Two weeks ago, we released the results of our 2018 Developer Survey. This year, we asked new questions about advertising. Based on what we found, it’s blatantly obvious that developers want ads to be as transparent as possible. In fact, they ranked “honesty about their goals” as one of the most important ad evaluation criteria.
With transparency being a priority for developers, what does that mean for advertisers looking to engage with them? How honest should you be when you design creatives or write landing page copy? Here are a few tips to consider when you advertise to developers.

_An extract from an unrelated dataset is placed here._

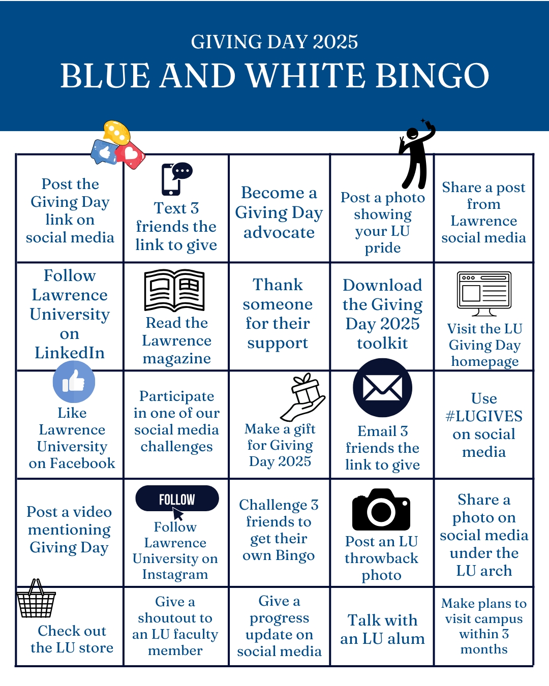 Celebrate on Social – The fun doesn’t stop off campus - We are celebrating over a decade of giving on social! With fun challenges to unlock game changer funds and an opportunity to win giveaways, this is something you won’t want to miss. Make sure to follow Lawrence University on Instagram, Facebook, and LinkedIn!

There are undoubtedly features of your product that make it unique. But let’s be honest, there isn't a single solution that solves every problem that developers have. If you try to promote your product as something that does everything a programmer needs, it won’t be long before developers start to assume that you’re actually trying to hide something from them.
If you’re looking to generate downloads of a new back-end development platform, promote the features that make your solution better than the competition—even if the software could include front-end support down the road. The idea of a full-service solution might sound compelling to a non-technical audience, but selling your product as a “do-it-all” solution could make it more challenging to build trust with developers through advertising.
Does advertising to developers require you to go into detail about its potential shortcomings? Of course not! Your goal is to drive downloads, sign-ups, and sales. Focusing on all of the things that make it unattractive would be entirely counterproductive. At the same time, it does mean that you should be crystal clear about whatever it is that you’re offering.
Transparency from advertisers is high on developers’ list of ad priorities, but it’s not the only thing on that list. As you can see in the chart above, 6% of developers look for ads that avoid fluffy or vague language. When you try to accomplish too much in your campaign, you run the risk of writing copy that ultimately confuses your target audience.
Instead, get right to the point and lay out the facts about each campaign. Want developers to participate in a beta? Give them all the information they need about what they should expect during that program. Looking to drive downloads of a new product? Tell them about how your platform will benefit them.
In previous editions of our Developer Survey, respondents told us that they wanted to see more live code during the interview process. The same can be said of what they look for on your landing pages. Since most programmers respond to ads that are relevant and honest, showing off live code is an ideal way for advertisers to reach developers.
Imagine that your product demo makes it easier for developers to build mobile websites on a mobile device. Now, put yourself in a developer’s shoes. Would you be excited about that product after reading a few bullet points about its benefits, or would you be more interested if you saw an actual sample of a mobile website that someone created on your platform? Most, if not all, developers would lean towards the latter.
Run this idea by a developer on your team. In some cases, he or she might be able to help you create a sample project to highlight on your landing pages. You also might work together to find a snippet of code that you can easily include as text. No matter what the case may be, ads that are written in a programmer’s language tend to resonate with them, making this an incredibly worthwhile exercise.